The Art Babbitt Classical Animation Course – Page 3

The Course Objectives

The secondary purpose of this course is to endow its members with some proven animation formulas that will help them earn a better living, sooner. The clichés we arrived at after years of experimentation will be the subject of our earliest lessons – to give you a head start, we will strip away some of the mysteries of the exposure sheet and the essential mechanics to be noted thereon, so that you will be equipped to use it properly and without delay.

But the primary object of the course is open the windows of your minds to the endless horizons of our wonderful, exciting, exacting medium. A medium that has barely been discovered, let alone explored. A medium that can be an art form that encompasses practically all other art forms. A medium that can gratify aesthetically, that is not earth-bound, that can be an invaluable aid in teaching everything from elementary chemistry to the Theory of Relativity. A medium that can amuse, or move to tears. A medium that can comment or satirize – without ever being obvious. A medium that can be as fresh as tomorrow or as ageless as creation.

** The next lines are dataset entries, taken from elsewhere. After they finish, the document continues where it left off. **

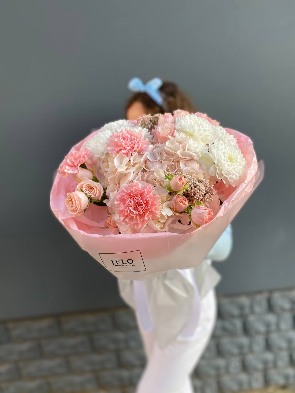 Белоснежная гортензия окружает махровые розы сорта Мисти Бабблс с их густыми лепестками. Композиция построена на игре фактур: воздушные соцветия соседствуют с плотно набитыми бутонами.
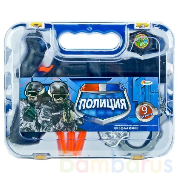 Игровой набор "Полиция" создан для маленьких борцов за справедливость, чтобы ловить преступников и наказывать врагов. Все предметы помещаются в прозрачный чемоданчик, который удобно всегда носить с собой. В общей сложности набор включает 9 предметов: пистолет, патроны, наручники и другие. Все они сделаны из безопасных материалов и предназначены для детей от 3-х лет.
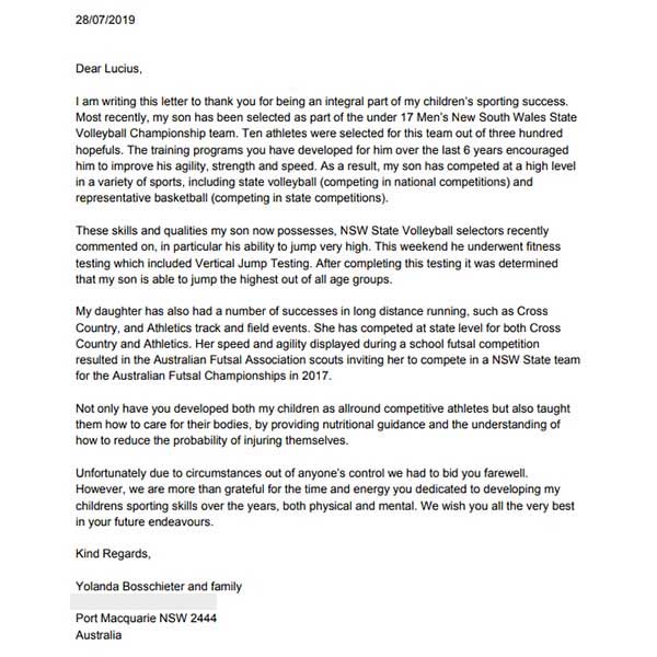 Dear Lucius, I am writing this letter to thank you for being an integral part of my children's sporting success. Most recently, my son has been selected as part of the under 17 Men's New South Wales State Volleyball Championship team. Ten athletes were selected for this team out of three hundred hopefuls [more]

It is my hope to be the gadfly that makes you ask yourself a thousand times whether “Jack and the Beanstalk” or “Goldilocks and the Three Bears” are to be our only sources of inspiration – or whether we should finally take a peek at Voltaire’s “Candide” – or the “Canterbury Tales” or “De Maupassant” or “Balzac” or “The Boys from Syracuse” or the dozens of recent masterpieces.

The course Structure

Hopefully, after our first rough tests are completed, we can set up a disciplined division of time for our classes -which would encompass the following activities:
a) An illustrated discourse on a new problem in animation.
b) An assignment to be worked on after the class period.
c) Screening of pencil tests, and criticisms.
d) A question and answer period.
e) An over the shoulder type of observation as you work on your problems.

Topics to be Covered

The subject of animation is a monumental one. Here are some of the topics which we shall cover in our classes, not necessarily in their proper order:

a) Character analysis.
b) Weight and texture.
c) Hard and soft contacts.
d) Timing.
e) Mechanics.
f) Inbetweener and assistant duties.
g) “Cycle” animation as opposed to “straight ahead” animation.
h) Human actions – actual and eccentric.
i) Overlapping action.
j) Push and pull.
k) The source of an action.
l) Situation and mood analysis.
m) The breaking of joints to achieve flexibility.
n) Stretch and contraction.
o) Small actions – such as: thinking, breathing, eating, speaking etc.
p) “Limited” or “simplified” animation that best fits third person situations -such as “Joe goes to the store”.
q) Walks on an elastic surface (a tight-wire or a trampoline).
r) Runs, jumps, falls, dives, stumbles etc. – fast and slow sneaks.
s) The “aesthetics” pertaining to a path of action -“arcs and straights”.
t) Animation from extreme to extreme as opposed to “straight ahead” animation.
u) How to observe and analyse all the activities we see daily.
v) How to use live action as a “library of information” rather than as a crutch.
w) How to invent a convincing action that is actually impossible. (The Goof’s walk … or his shuffle-type ice-skating).
x) How to use and expose a staggered succession of drawings to illustrate a shiver, laughter, strain etc.
y) How to analyse dialogue and music and to achieve synchronisation with the animation – illustrating both.
z) Compositions of a scene.
aa) The treatment of secondary characters – and their reactions to what the primary character is doing.
bb) The retention of various drawing styles, in animation.
cc) True and caricatured actions of birds, fish, reptiles etc.
dd) Animal actions, horses, elephants, deer, mice etc.
ee) Swimming, rowing, paddling a canoe etc.
ff) Dancing – from tap to ballet – from the polka to the “Funkey Chicken”.
gg) Mechanical animation – scratch-offs in reverse – the use of Xerox etc.
hh) Anticipation and results of an action.